The Droid Charge, first and foremost, is an LTE smartphone, meaning it has the ability to access the 4G network from Verizon. While some may not consider this a feature, it actually is quite a jump in network speed. The Droid Charge can also share this network with to up to 10 devices by becoming a mobile hotspot, which is another great little feature, though it does come at a cost. Utilizing this new 4G network, the Droid Charge can also be used for video chatting with its 1.3 megapixel front facing camera, which is yet another good addition.
Rounding out the back is the 8 megapixel camera, which competes against the T-Mobile G2x, not only in megapixels but also in the fact that it can record in 1080p. Not only can the Samsung Droid Charge record in 1080p, but it has an HDMI out, allowing the video to be played out to an HDTV in full 1080p. The video when output onto an HDTV was smooth with no lag and surprisingly very vibrant.

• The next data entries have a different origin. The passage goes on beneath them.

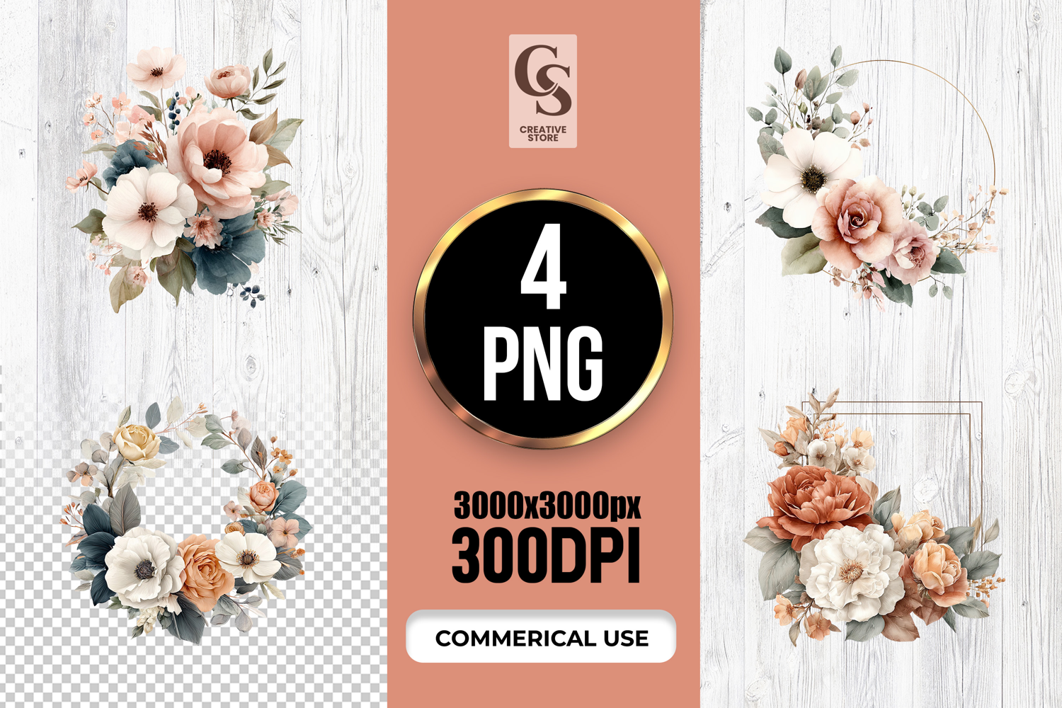 4 Boho Floral Arrangement Watercolor Clipart Sublimation PNG  Files Perfect for Greeting Cards, Invitations, Junk Journal, Party Decor, Scrapbooking and many other craft projects.
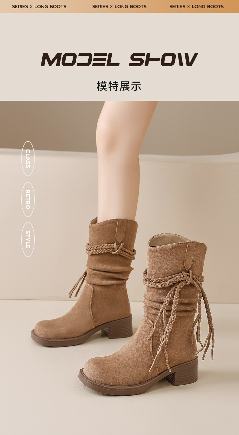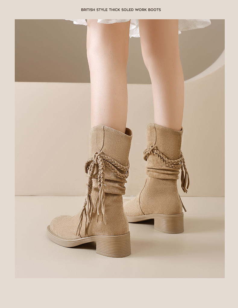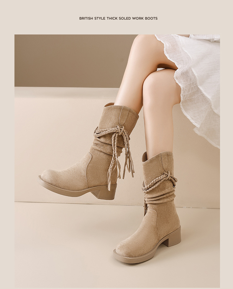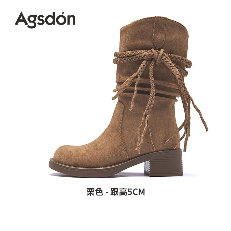 여성용 Augushiden 브라운 숏부츠 2025 신작 가을, 여름 슬리밍 부츠 레트로 황무지 스타일 술 나이트 부츠
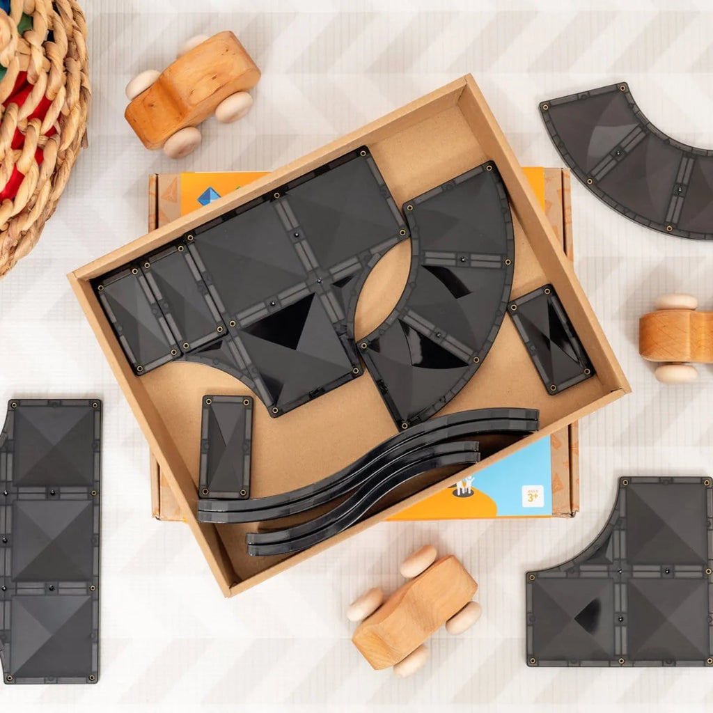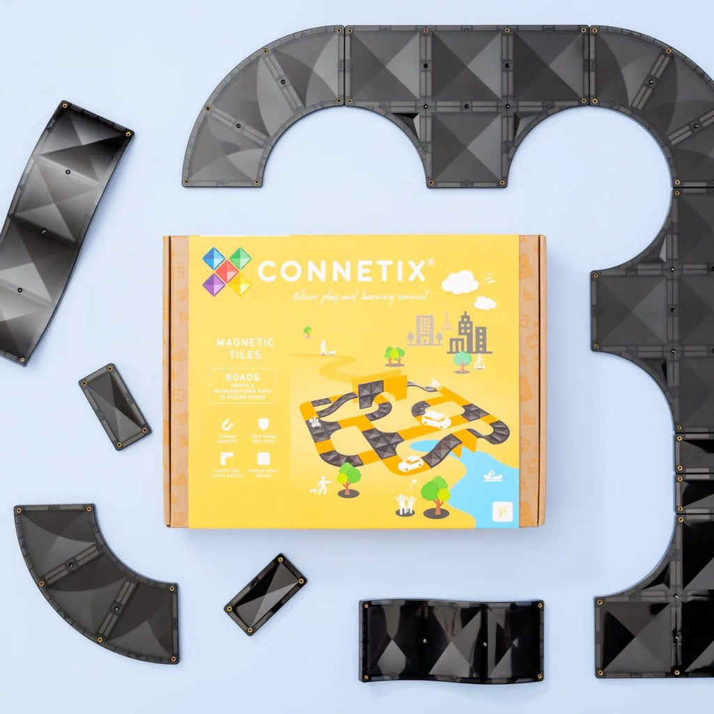 Expand the potential for imagination and play as you lay the foundations for STEAM learning! The CONNETIX 16 Piece Roads Ramps and Intersections Pack features exclusive road-inspired magnetic tile shapes including quarter circles, arches, intersections and ramps, all in a sleek black shade. Designed to fuel endless construction adventures, this pack elevates the creation of skateparks, racetracks, and even rollercoasters as you build again and again, The purposeful introduction of black tiles enhances the visual of roads, ramps, and runways, while the exclusion of white lines and road markings maintains the open-ended nature intended by CONNETlX products.allowing children to reimagine pieces into their own creative builds.
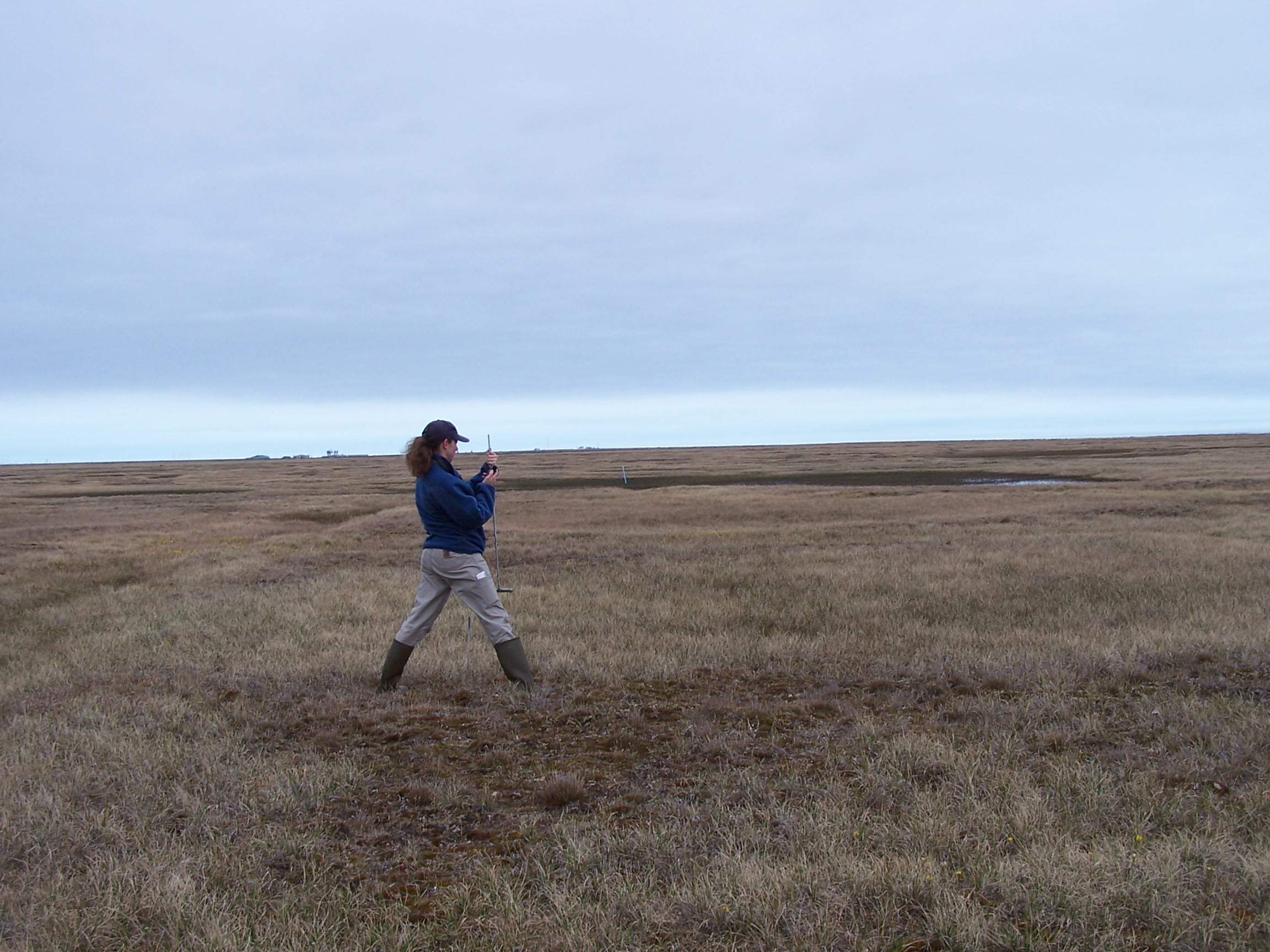 TREC teacher Misty Nikula-Ohlsen probes the soil and takes measurements at the Barrow Environmental Observatory.

The final feature is the fact that the phone runs on Android 2.2, meaning it has access to Adobe Flash as well as application stores, including the Android Market. This means the Droid Charge, like all other Android powered smartphones, has access to well over 200,000 apps -- a mixture of free and paid applications. Overall the feature set on the device is quite impressive, though it would have been preferred if Verizon had added in one or two extras to make the Droid Charge stand out a bit more.
The Final Verdict
Overall the Samsung Droid Charge ranks in with an 'Average' ranking. While the design, display, and features of the phone are great, the hardware and software is definitely where it begins to disappoint. When looked upon closely, the hardware and software is very much like the aforementioned Samsung Fascinate and Samsung Captivate. In a sense, it's the specs of an older phone with a new shell and a better camera, which makes the steep $300 price with a 2 year contract a bit hard to swallow. Overall, it's a good smartphone to go after but there are better smartphones on the market.